One of the principal causes of wire rope failures is metal fatigue. Bending and tension stresses, repeated many times, cause fatigue. Eventually, individual wires break and the rope is progressively weakened to the extent that it must be removed from service. If lubrication is inadequate, the stresses are increased by high frictional resistance to the movement of the wires over one another, fatigue failures occur more rapidly, and rope life is shortened.

Another principal cause of rope failure is corrosion. This covers both direct attack by corrosive materials, such as acid water that may be encountered in mines, to various forms of rusting. To protect against corrosion, lubricant films that resist displacement by water must be maintained on all wire surfaces.
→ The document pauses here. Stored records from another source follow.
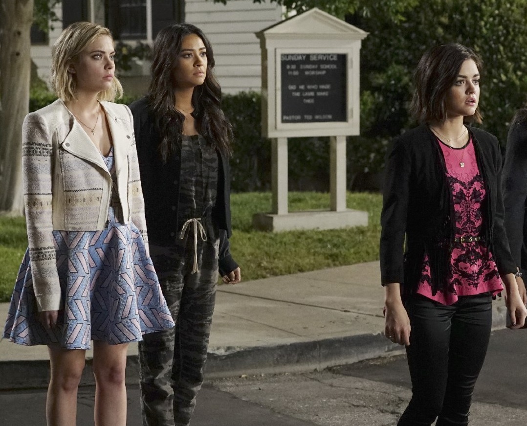 1) The playful patterns and cropped jackets from “Songs of Experience”: In Episode 2 of Season 6, the four friends prove that bold patterns can be easily styled with neutral layering pieces. We are loving Hanna’s funky pastel blue and pink printed frock, which was paired with a contrasting creamy white patterned bomber jacket. Meanwhile, Emily was a statuesque sight in her boyish camouflage print jumpsuit and versatile black jacket. Staying true to her signature girlish style, Aria made a splash in her pink and black peplum blouse with lacy detail. For a finishing touch, her basic black pants and cardigan emphasize the ladylike print.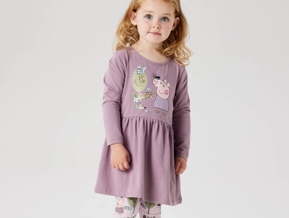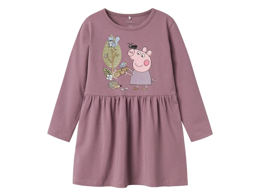Kjole i lilla nucance fra Name It med sødt Gurli Gris print og glitterdetaljer.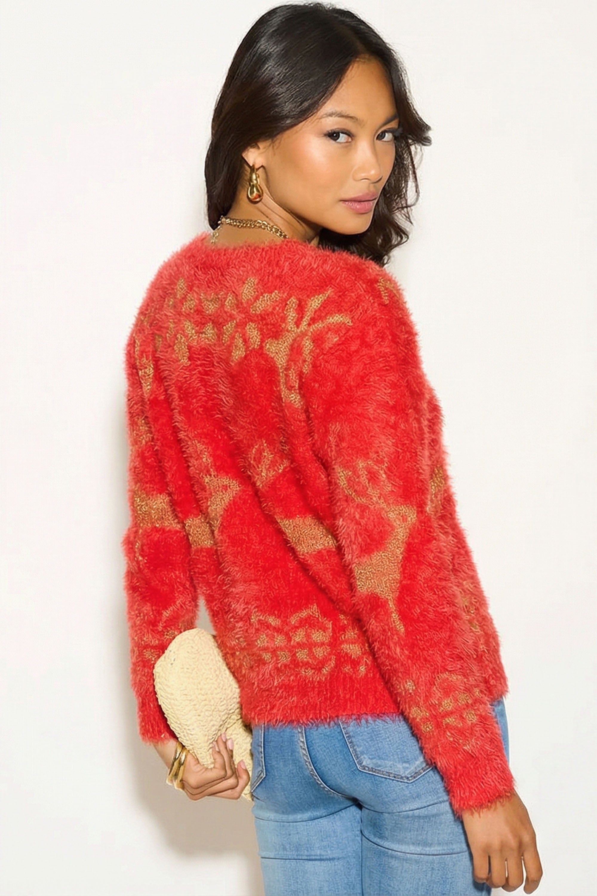 High-neck sleeveless metallic-knit with pattern print maxi dress in Red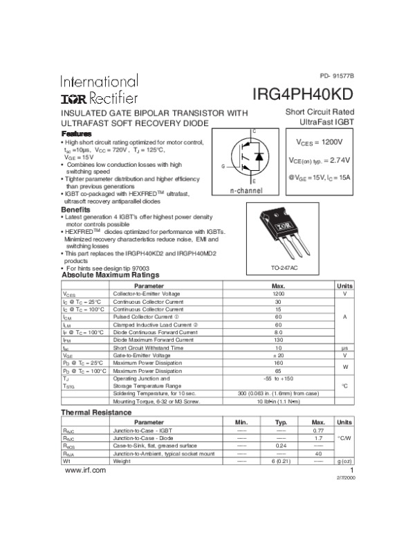 Главная -> Справочник -> Не указан -> Просмотр технического описания на IRG4PH40KD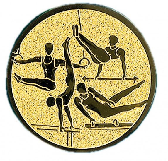 Kovový emblém gymnastika muž, průměr 50 mm; provedení zlato. Emblémy se umistňují na medaile, plakety, trofeje, kokardy a na víka pohárů.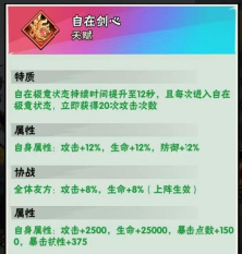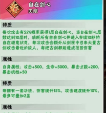 6星特质,每次攻击有55%概率获得1层自在剑心,当自在剑心层数达到10层时,消耗所有自在剑心并进入持续10秒的自在极意状态,每次攻击会额外从剑匣中召来大量古剑攻击最近的敌人,每把古剑都能造成范围伤害。相当于自带剑神兵,当然不止这么简单,该特质是和后续技能联动,数值超模(个数多)

Wear, deterioration, or drying out of the core result in reduction of the core diameter and loss of support for the strands. The strands then tend to overlap, and severe cutting or nicking of the wires may occur. The lubricant applied in service must be of a type that will penetrate through the strands to the core to minimize friction and wear at the core surface, seal the core against water, and keep it soft and flexible.

Lubrication possible during wire ropes production and lubrication in service.
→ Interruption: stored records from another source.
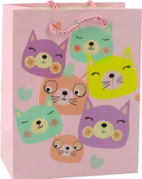 Geschenktasche mit niedlichen Katzenmotiven in Pastellfarben und Brokat-Elementen.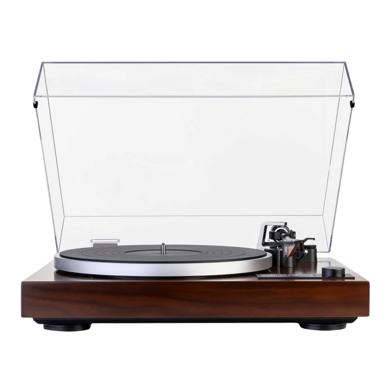 La meccanica adotta un motore DC con trazione a cinghia regolata e controllo ottico della velocità per una rotazione stabile e pulita. Il plinto in MDF con costruzione sub-chassis e smorzamenti in gomma aiuta a ridurre vibrazioni e risonanze, mentre il piatto in alluminio pressofuso con tappetino in gomma contribuisce a un appoggio più controllato del vinile. Disponibile in finitura Black o Walnut.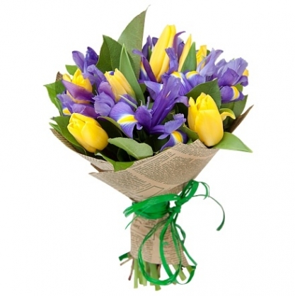 Желтые тюльпаны и ирисы | Купить в Фукуоке

Lubrication during Manufacture
During manufacture, wire rope cores are saturated with lubricant. A second lubricant, designed to provide a very tenacious film, is usually applied to the wires and strands to lubricate and protect the wires and to help keep (seal) the lubricant in the core as they are laid up. These lubricants protect the rope during shipment, storage, and installation.

Lubrication in Service
Much of the core lubricant applied during manufacture is squeezed out when the strands are laid, and additional lubricant is lost from both the core and strands as soon as load is applied to a rope. As a result, in-service lubrication must be started almost immediately after a rope is placed in service.
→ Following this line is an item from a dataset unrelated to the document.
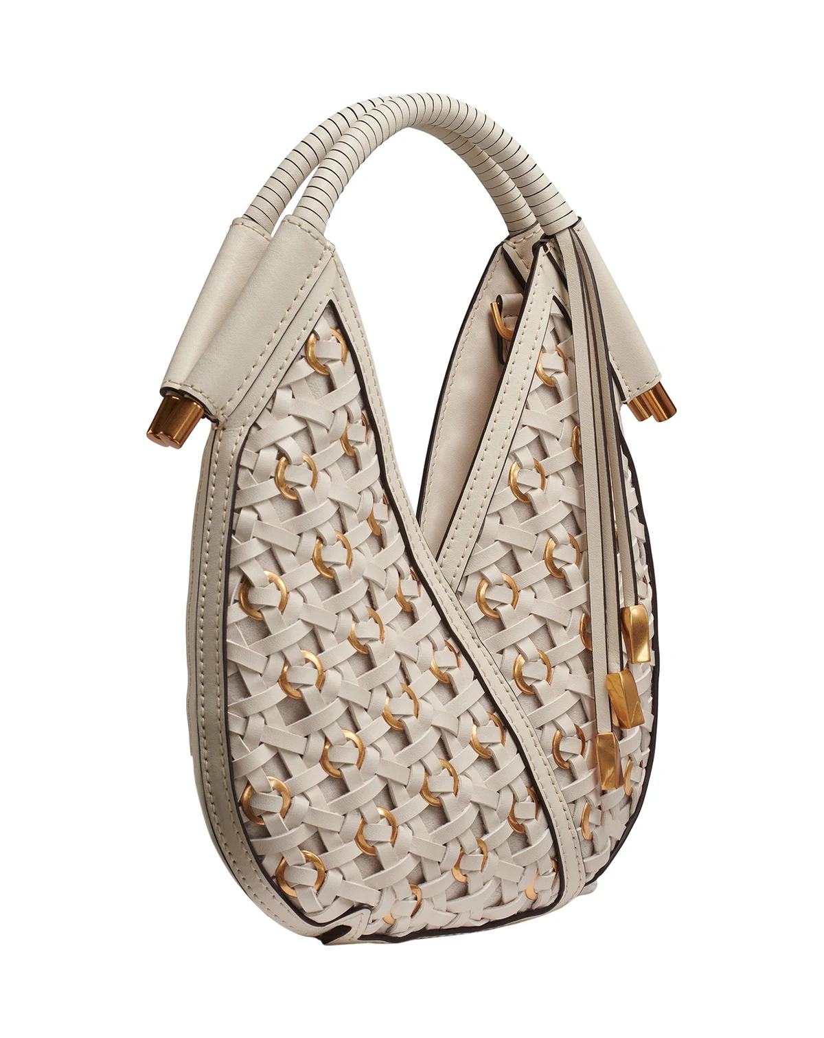 Boasting a woven exterior with chic gold-tone grommet detailing, this Donna Karan New York crossbody handbag offers a compact profile. The included crossbody strap and wrapped top handle provide multiple carrying options.

Proper lubrication of wire ropes in service is not easy to accomplish. Some of the types of lubricants required for wire ropes may not be easy to apply, and often wire ropes are somewhat inaccessible. Various methods of applying lubricants are used, including brushing, spraying, pouring on a running section of the rope, drip or force feed applicators, and running the rope through a trough or bath of lubricant. Generally, the method of application is a function of the type of lubricant required to protect a rope under the conditions to which it is exposed.

Lubricant Characteristics

Wire rope lubricants should be able to do the following:

1. Form a durable, adhesive coating that will not be thrown or wiped off from the rope as it operates over pulleys or drums
2. Penetrate between adjacent wires in order to lubricate and protect them against wear and to keep the rope core from drying out and deteriorating
3. Provide lubrication between pulleys and sheaves and the rope
4. Resist being washed off by water
5. Protect against rusting or corrosion by acid, alkaline, or salt water
6. Form nonsticky films so that dust and dirt will not build up on ropes
7. Remain pliable and resist stripping at the lowest temperatures to which the rope will be exposed
8. Resist softening or thinning out to the extent that throwoff or drippage occurs at the highest temperatures at which the rope will operate
9. Be suitable for application to the rope under the service conditions encountered

These requirements necessitate some compromises. Wire rope lubricants may be formulated with asphaltic or petrolatum-based material and contain rust preventives and materials to promote metal wetting and penetration. Diluent products are used in some cases for ease of application. Grease products containing solid lubricants such as graphite or molybdenum disulfide are also used. The challenges with greases are the ability of the lubricant to penetrate to the inner core strands and its attraction for dust and dirt buildup. Wire ropes are often used in applications operating near or on an ocean, bay, river, lake, or other waterway, and as a result require environmentally acceptable wire rope lubricants to minimize their impact on the environment.